Umgekehrt gebe es viele Beispiele dafür, dass Patienten Symptome ohne objektive Befunde entwickelten und objektive Befunde nicht zwangsläufig Symptome nach sich zögen. Weizsäckers Fazit: "Wo eine gezielte Beeinflussung aktuell nicht möglich ist, kann die Kenntnis einer Krankheitswahrscheinlichkeit einen erheblich negativen Einfluss auf die Lebensqualität haben."
Kontext-Sensitivität des Arztes ist gefragt
Der Siegener Philosoph Professor Carl Friedrich Gethmann, Mitglied im Deutschen Ethikrat, wies darauf hin, dass nicht erst die Entschlüsselung des menschlichen Genoms zur humangenetischen Diagnostik führe, sondern dass jene im Rahmen der Familienanamnese längst gängige Praxis sei.
Das Recht auf Nicht-Wissen werde hier jedoch viel seltener problematisiert. Gethmann schilderte den Fall eines Mannes, der sich aufgrund einer Erkrankung seines Vaters genetisch disponiert wähnte. Bei einer Untersuchung fand der Arzt dann heraus, dass beide im biologischen Sinn gar nicht verwandt waren. Er teilte ihnen das Ergebnis mit, doch Sohn und Vater hätten es lieber nicht gewusst.
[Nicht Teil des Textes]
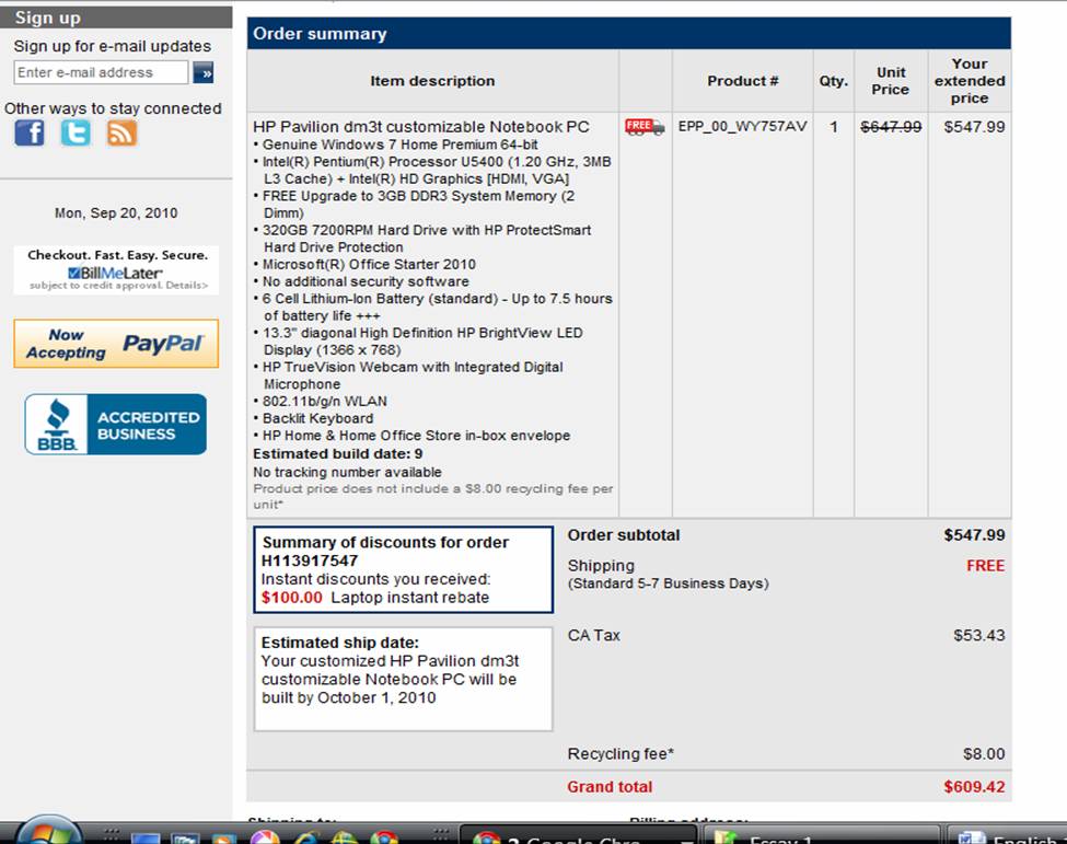 Hi. Newbie here. On ebay, HP Pavilion Dm3-1044nr is listed for $399 buy it now. Is this a good deal? I just need something to surf the web and do word processing.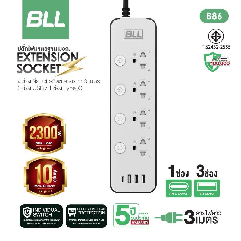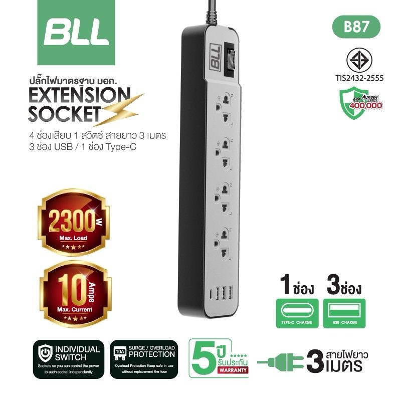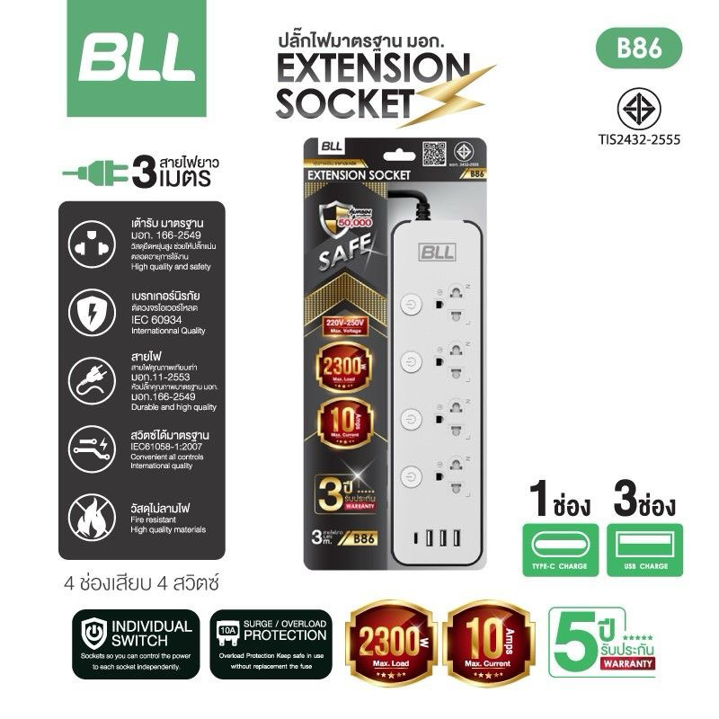 BLL ปลั๊กรุ่นใหม่ มอก.แท้ ปลั๊กไฟ BLL ยาว 3 เมตร 3 ช่องUSB+1Type C รองรับกำลังไฟ2,300 วัตต์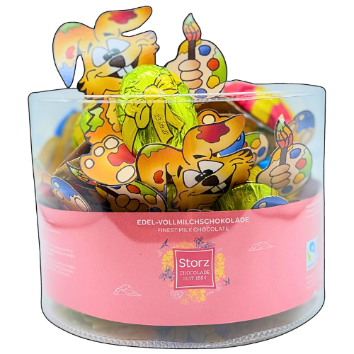 Storz Kleckshase aus feiner Vollmilchschokolade – 35 massive Schokoladenfiguren auf farbenfroher Kartonbasis mit Paashaasmotiv. Der freche Hase überzeugt nicht nur optisch, sondern auch mit zartschmelzender, vollmundiger...

In der Arzt-Patienten-Kommunikation plädiert der Philosoph für einen genetischen Probabilismus, der sich bei unerreichbarer Gewissheit im Denken und Handeln auf Wahrscheinlichkeiten stützt.
Mit diesen Wahrscheinlichkeiten müssten beide, Arzt und Patient, umzugehen lernen: Eine akute Erkrankung erfordere rasches Handeln, eine prognostische Wahrscheinlichkeit hingegen Kontext-Sensitivität. "Einem 25-jährigen Patienten muss der Arzt nicht mitteilen, dass er mit 55 eine unheilbare Krankheit entwickeln wird."